Yesterday, the United States Department of the Treasury’s Office of Foreign Assets Control (“OFAC”) announced that it was issuing two revised general licenses issued under the Venezuela Sanctions Regulations (“VSR”), 31 C.F.R. Part 591, and made conforming changes to two previously issued Frequently Asked Questions (“FAQs”). What prompted this action, you ask? An affirmative determination by OFAC that Nynas AB (“Nynas”)–the Swedish manufacturer of synthetic oil and bitumen products–was no longer blocked pursuant to OFAC’s 50 Percent Rule. That affirmative, public determination mooted the authorization contained in Venezuela General License 13E, as well the need for authorizations specific to dealings with Nynas in formerly found in Venezuela General Licenses 3H and 9G.

Although Nynas was not specifically identified by U.S. sanctions targeting Venezuela, it was effectively blocked pursuant to OFAC’s 50 Percent Rule. As regular readers of this blog will know, OFAC’s 50 Percent Rule is an interpretative rule that blocks the property and interests in property under or coming within U.S. jurisdiction or the possession or control of U.S. persons or entities owned 50 percent or greater by a blocked party or in the aggregate by blocked parties. In Nynas’ case, the blocked person who caused it fall under the 50 Percent was its former majority owner, Petroleos de Venezuela S.A. (“PdVSA”), which was blocked pursuant to E.O. 13850 in January 2019.

There are a few takeaways from this action. First, it shows that corporate restructuring is a sure fire way to be delisted–although, I don’t believe every party requesting delisting would be treated in as expeditious a manner as Nynas. Second, it confirms that OFAC will not maintain an authorization where one is not necessary or applicable. Indeed, with Nynas no longer being blocked under the 50 Percent Rule, OFAC was compelled to remove them from general licenses in which they were name or remove the general license issued specifically for them. Although these appear on their face to be minor administrative edits, they speak to a larger tenet or OFAC practice–i.e., that OFAC won’t authorize activity that is not prohibited.

The reason why I even raise this second point is because we often get potential clients–or sometimes even clients–asking if they can obtain authorization for a transaction that is not prohibited. Indeed, someone I spoke to the other day, even referred to it as a “comfort authorization.” While it’s always nice to have something in writing from OFAC that says a particular transaction is allowed. The provision of license authorization where there are no prohibitions implicated or blocked persons involved is not something OFAC does. Nor is it something they can do, as–simply put–OFAC lacks jurisdiction to grant authorization for something that is not prohibited. Now, if there is a lack of clarity as to whether a prohibition applies or not, then OFAC can provide guidance–and potentially authorization if the prohibition does apply–in response to a license application or request for interpretative guidance.

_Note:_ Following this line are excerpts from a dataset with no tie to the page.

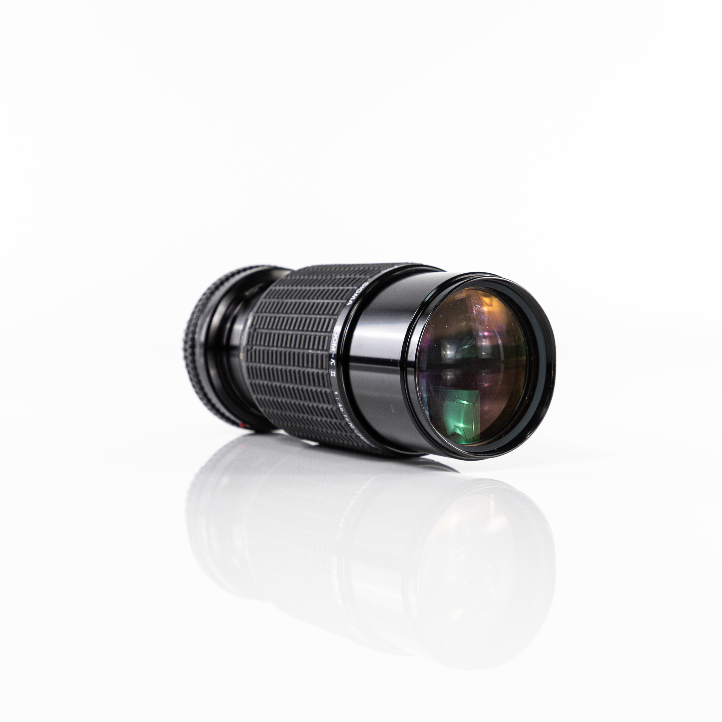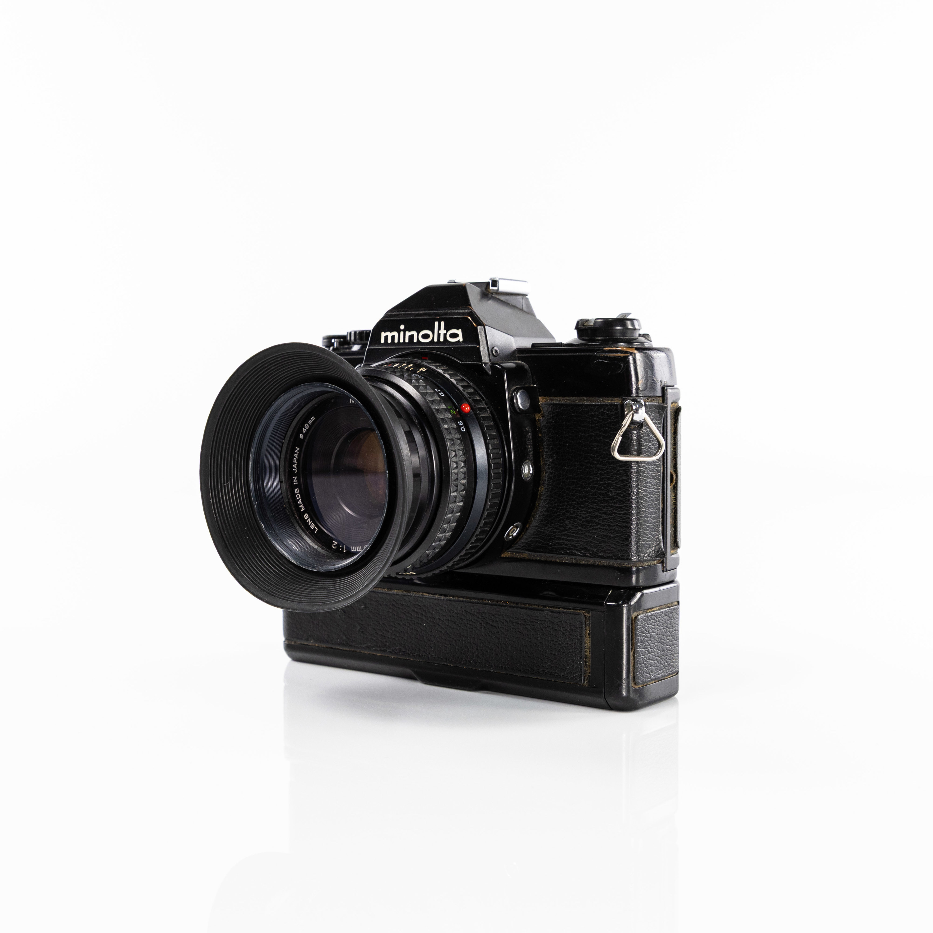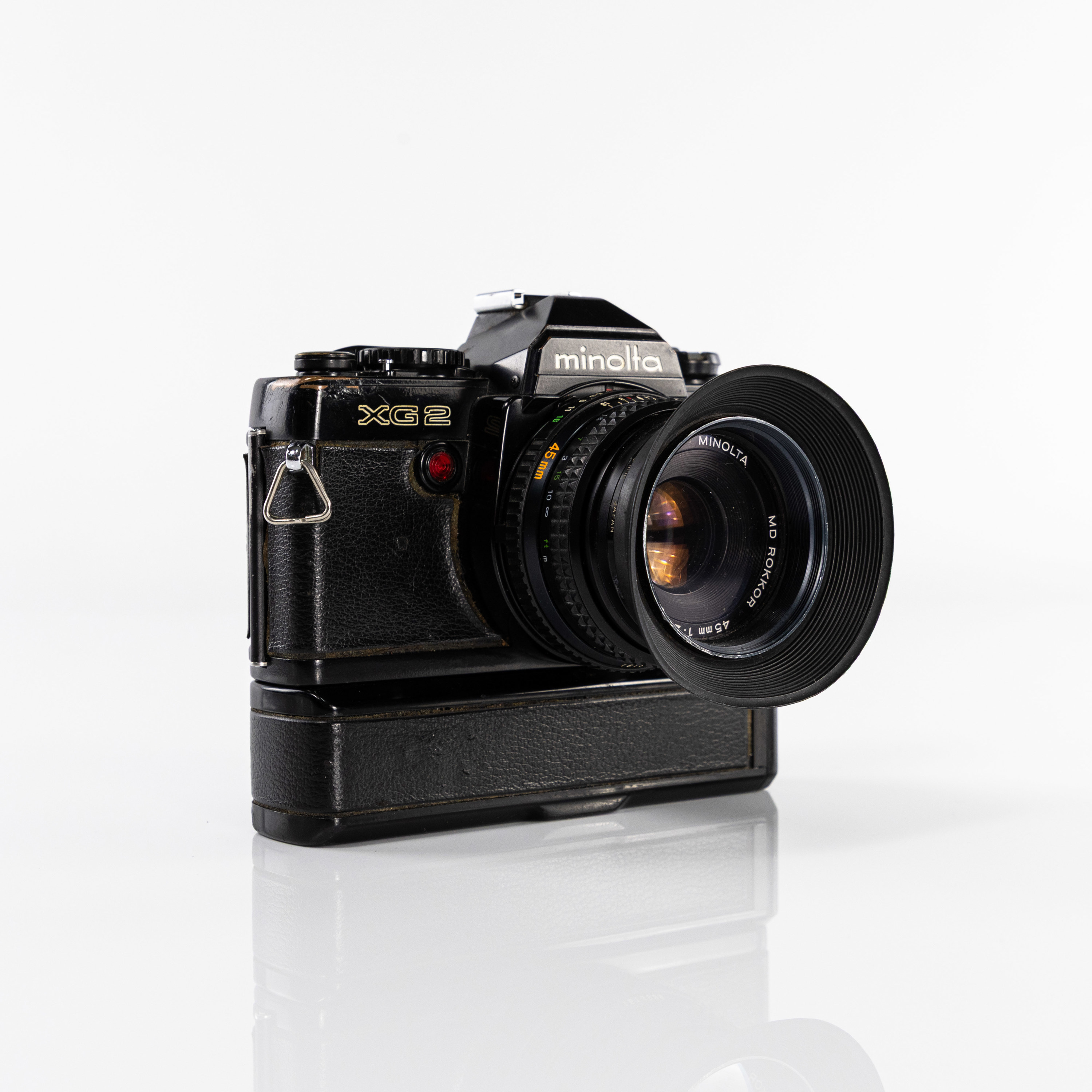 Systemkamera, Minolta XG2, Optik; Minolta Rokkor 45 mm/1:2, Sigma Zoom 70-210 mm/1:4.5, Blixt; Braun 370 BVC, ca 1970-tal, Japan, kommer med bruksanvisning
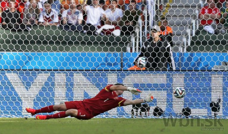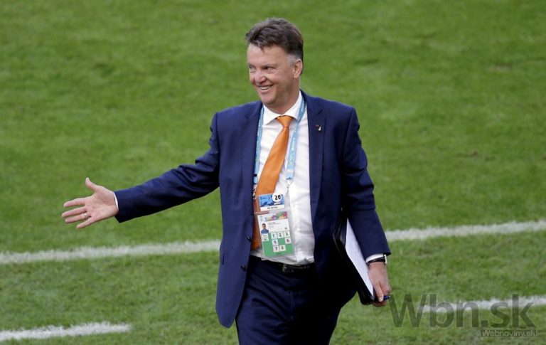 Radosť holandského trénera Louisa van Gaala po tom, ako Arjen Robben strelil jubilejný, 50. gól na futbalových MS v Brazílii. Foto: SITA/AP
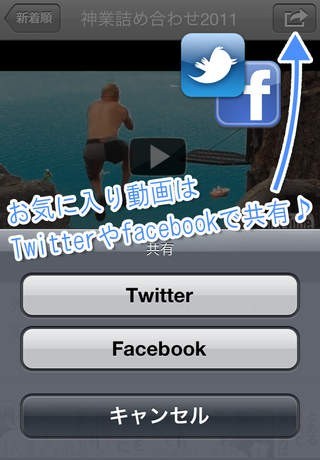 TwitterやFacebookと連携し、お気に入り動画を共有できます
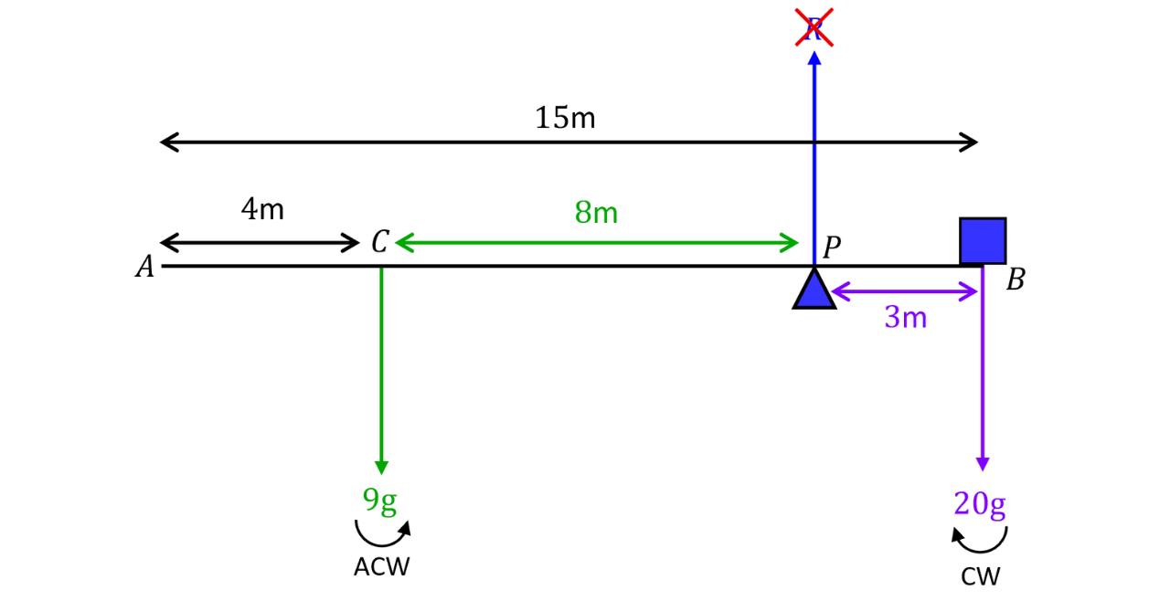 • The force at acts directly on the pivot, so the perpendicular distance is . Therefore, we can exclude this from our calculation.
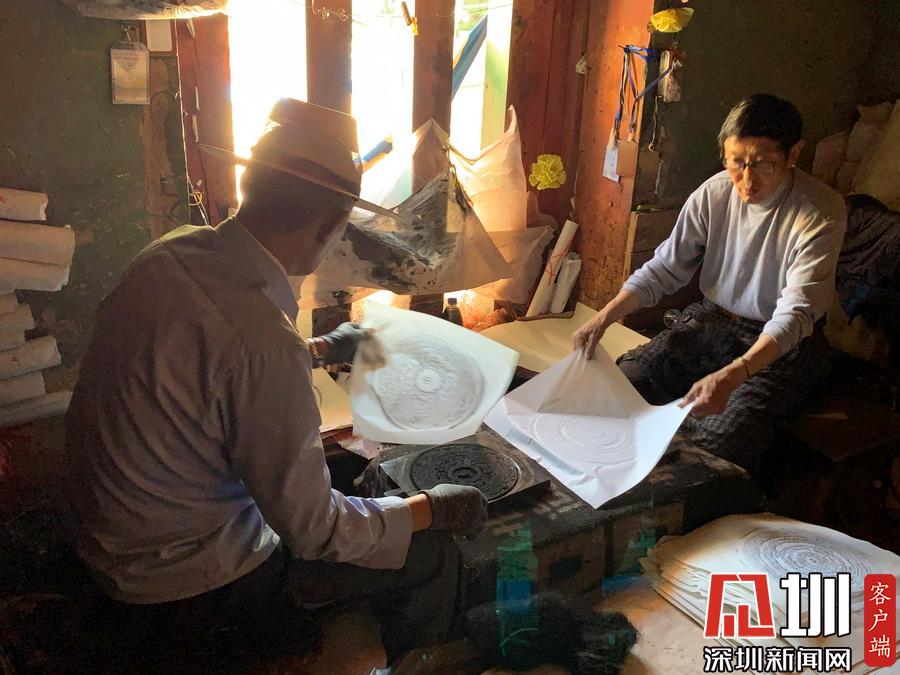 高坐的人負(fù)責(zé)接紙并準(zhǔn)確固定印版與印紙之間的一拓面,以及在印版上滾墨,矮坐的人則一邊遞紙,一邊持卷布干滾筒,自上而下雙手推過(guò),迅速揚(yáng)起已印的書頁(yè)放置一旁,如此周而復(fù)始。李仁奇攝

A final note on this action, as of April 3 of this year Nynas was still undergoing a corporate restructuring to remove PdVSA’s interests. Yesterday it was removed, which means that OFAC was able to push through Nynas’ delisting in less than a month. This is a particularly short time table when one considers that OFAC delisting matters typically take years, and even where there is a clear change in circumstances–as there was here–the process usually still takes months from the changes until delisting.